(MATERIAL FOR THIS EXERCISE begins)

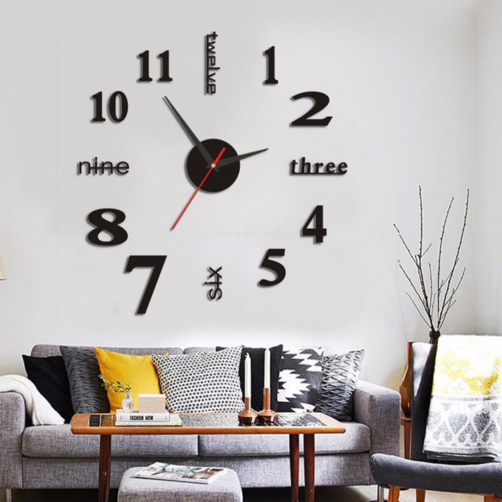 Perlengkapan Rumah > Dekorasi > Jam Dinding > Desain Modern Jam Senyap Bercahaya Besar Jam Dinding 3D DIY Acrylic Mechanism Stiker Rumah Ruang Tamu Dekorasi Jarum Kuarsa
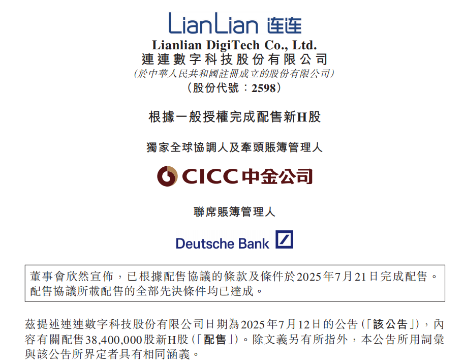 7月21日,连连数字科技股份有限公司(股份代号:2598)宣布,已成功按每股10.25港元的价格,向不少于六名独立承配人配售3840万股新H股,募集资金总额约3.94亿港元(扣除费用后净额约3.872亿港元)。此次配售股份占扩大后H股总数的8.40%,占公司总股本的3.44%。
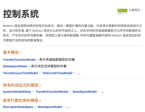 AffineStateSpaceModel ▪ AsymptoticOutputTracker ▪ BodePlot ▪ CarlemanLinearize ▪ ContinuousTimeModelQ ▪ ControllabilityGramian ▪ ControllabilityMatrix ▪ ControllableDecomposition ▪ ControllableModelQ ▪ DescriptorStateSpace ▪ DiscreteInputOutputModel ▪ DiscreteLQEstimatorGains ▪ DiscreteLQRegulatorGains ▪ DiscreteTimeModelQ ▪ DualSystemsModel ▪ EstimatorGains ▪ EstimatorRegulator ▪ FeedbackLinearize ▪ FeedbackSector ▪ FeedbackSectorStyle ▪ FeedbackType ▪ FullInformationOutputRegulator ▪ GainMargins ▪ GainPhaseMargins ▪ InternallyBalancedDecomposition ▪ JordanModelDecomposition ▪ KalmanEstimator ▪ KroneckerModelDecomposition ▪ LinearizingTransformationData ▪ LQEstimatorGains ▪ LQGRegulator ▪ LQOutputRegulatorGains ▪ LQRegulatorGains ▪ MinimalStateSpaceModel ▪ ModelPredictiveController ▪ NicholsGridLines ▪ NicholsPlot ▪ NonlinearStateSpaceModel ▪ NyquistGridLines ▪ NyquistPlot ▪ ObservabilityGramian ▪ ObservabilityMatrix ▪ ObservableDecomposition ▪ ObservableModelQ ▪ OutputControllabilityMatrix ▪ OutputControllableModelQ ▪ OutputResponse ▪ PhaseMargins ▪ PhaseRange ▪ PIDData ▪ PIDDerivativeFilter ▪ PIDFeedforward ▪ PIDTune ▪ PoleZeroMarkers ▪ RootLocusPlot ▪ SamplingPeriod ▪ SingularValuePlot ▪ SmithDelayCompensator ▪ StabilityMargins ▪ StabilityMarginsStyle ▪ StateFeedbackGains ▪ StateOutputEstimator ▪ StateResponse ▪ StateSpaceModel ▪ StateSpaceRealization ▪ StateSpaceTransform ▪ StateTransformationLinearize ▪ SystemsConnectionsModel ▪ SystemsModelControllerData ▪ SystemsModelDelay ▪ SystemsModelDelayApproximate ▪ SystemsModelDelete ▪ SystemsModelDimensions ▪ SystemsModelExtract ▪ SystemsModelFeedbackConnect ▪ SystemsModelLabels ▪ SystemsModelLinearity ▪ SystemsModelMerge ▪ SystemsModelOrder ▪ SystemsModelParallelConnect ▪ SystemsModelSeriesConnect ▪ SystemsModelStateFeedbackConnect ▪ SystemsModelVectorRelativeOrders ▪ ToContinuousTimeModel ▪ ToDiscreteTimeModel ▪ TransferFunctionCancel ▪ TransferFunctionExpand ▪ TransferFunctionFactor ▪ TransferFunctionModel ▪ TransferFunctionPoles ▪ TransferFunctionZeros ▪ InputOutputResponse ▪ InputOutputResponseData ▪ RiccatiSolve ▪ DiscreteRiccatiSolve ▪ LyapunovSolve ▪ DiscreteLyapunovSolve ▪ SystemModelExamples ▪ SystemModel ▪ SystemModels ▪ SystemModelSimulate ▪ SystemModelMeasurements ▪ SystemModelSimulationData ▪ SystemModelSimulateSensitivity ▪ SystemModelPlot ▪ ParametricPlot ▪ Plot ▪ ListLinePlot ▪ LogPlot ▪ SystemModelParametricSimulate ▪ ParametricFunction ▪ NMinimize ▪ FindMinimum ▪ NMaximize ▪ SystemModelLinearize ▪ FindSystemModelEquilibrium ▪ ConnectSystemModelController ▪ SystemModelReliability ▪ ReliabilityDistribution ▪ SurvivalFunction ▪ StructuralImportance ▪
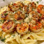 This Baked Shrimp Scampi recipe features large shrimp baked in a flavorful mixture of butter, olive oil, garlic, white wine, and lemon juice, topped with a crispy Parmesan and panko breadcrumb crust. It’s a delicious and easy-to-make seafood dish perfect for a quick weeknight dinner or a special occasion.
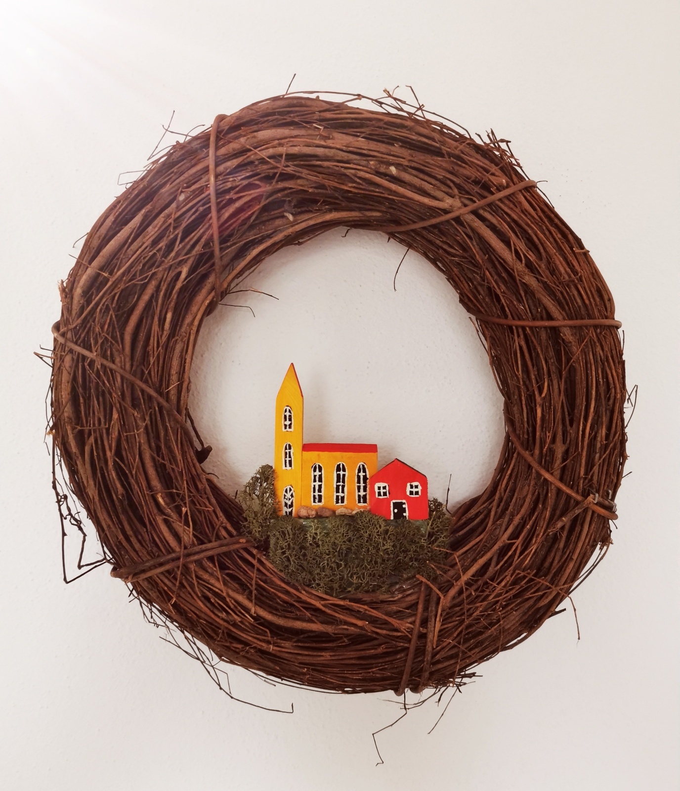 🌿 Přírodní krása: Každý věneček je vytvořen z kvalitního proutí a doplněn o dřevěný kostelíček a domeček, což přináší do vašeho domova přírodní krásu.
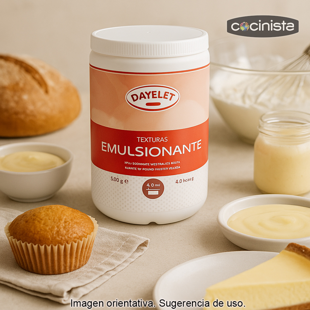 El emulsionante en pasta Dayelet (500 g) es un ingrediente profesional “todoterreno” pensado para mejorar la textura, la estabilidad y el volumen de una gran variedad de elaboraciones dulces y saladas. Su función principal es favorecer la unión entre fases que normalmente no se mezclan bien (como grasa y agua), ayudando a conseguir preparaciones más homogéneas, finas y con un acabado más agradable en boca.
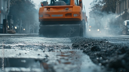 construction, machinery, paving, roadwork, asphalt, roller, vehicle, urban, street, repair, heavy equipment, surface, industry, transportation, maintenance, work, equipment, labor, technology, project, roadway, construction site, engineering, environmental, ground, material, modern, city landscape, pavement, dust, men at work, infrastructure, commercial, scenic, development, heavy machinery, landscape, noise, smoke, hard hat
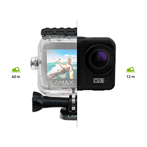 LAMAX W9.1 REAL Action Cam 4K 60fps mit Stabilisierung, Unterwasserkamera, wasserdichte Kamera, Camcorder mit Dual Display, Helmkamera und 21 Zubehör Kit, Wi-Fi, Zeitlupe
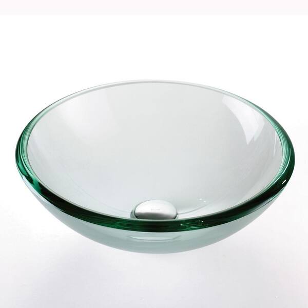Single-Tone 17 in. Round Vessel Bathroom Sink in Clear Glass with Pop-Up Drain and Mounting Ring in Chrome
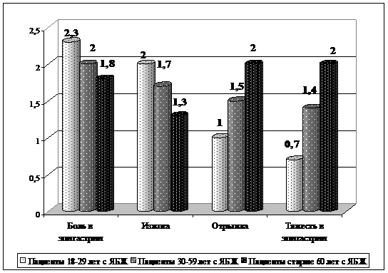 Пациенты с ЯБ старше 60 лет были разделены на группы согласно срокам развития заболевания – впервые возникло до 60 лет и сохранило периодичность чередования обострений и ремиссии (группа А) и возникло после 60 лет («поздняя» ЯБ, группа В). Клиническая картина обострения ЯБ у пожилых, в отличие от пациентов 18-59 лет, характеризуется слабо выраженным болевым синдромом и преимущественно проявлениями язвенной диспепсии (рис.1-2).
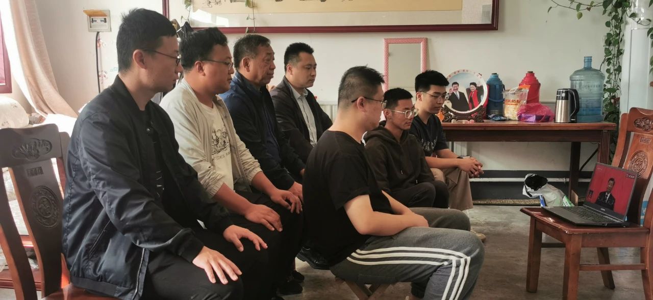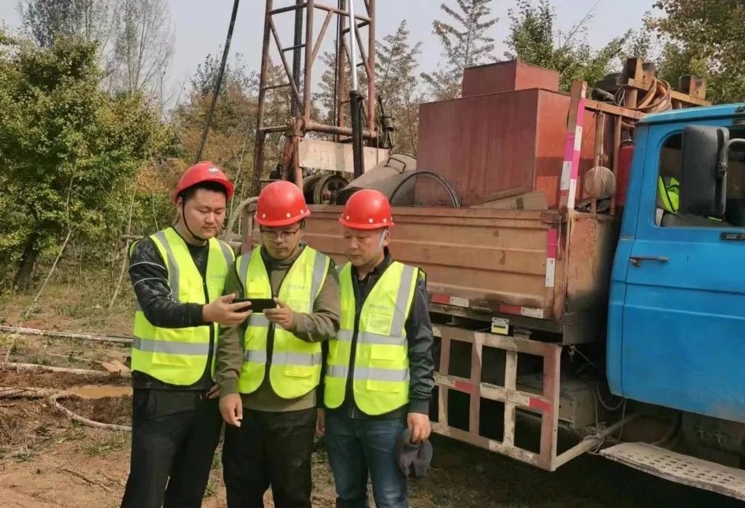 党委书记、院长黄文院及项目技术人员在山东临沂市费县石井镇建筑石料矿勘查项目地观看二十大开幕会

(MATERIAL FOR THIS EXERCISE ends)

WHAT YOU ARE ASKED TO DO » Write out each line of the listing above, exactly, from its first line to the line holding "7月21日,连连数字科技股份", inclusive. Skip the pictures.

ANSWER SECTION »
 Perlengkapan Rumah > Dekorasi > Jam Dinding > Desain Modern Jam Senyap Bercahaya Besar Jam Dinding 3D DIY Acrylic Mechanism Stiker Rumah Ruang Tamu Dekorasi Jarum Kuarsa
 7月21日,连连数字科技股份有限公司(股份代号:2598)宣布,已成功按每股10.25港元的价格,向不少于六名独立承配人配售3840万股新H股,募集资金总额约3.94亿港元(扣除费用后净额约3.872亿港元)。此次配售股份占扩大后H股总数的8.40%,占公司总股本的3.44%。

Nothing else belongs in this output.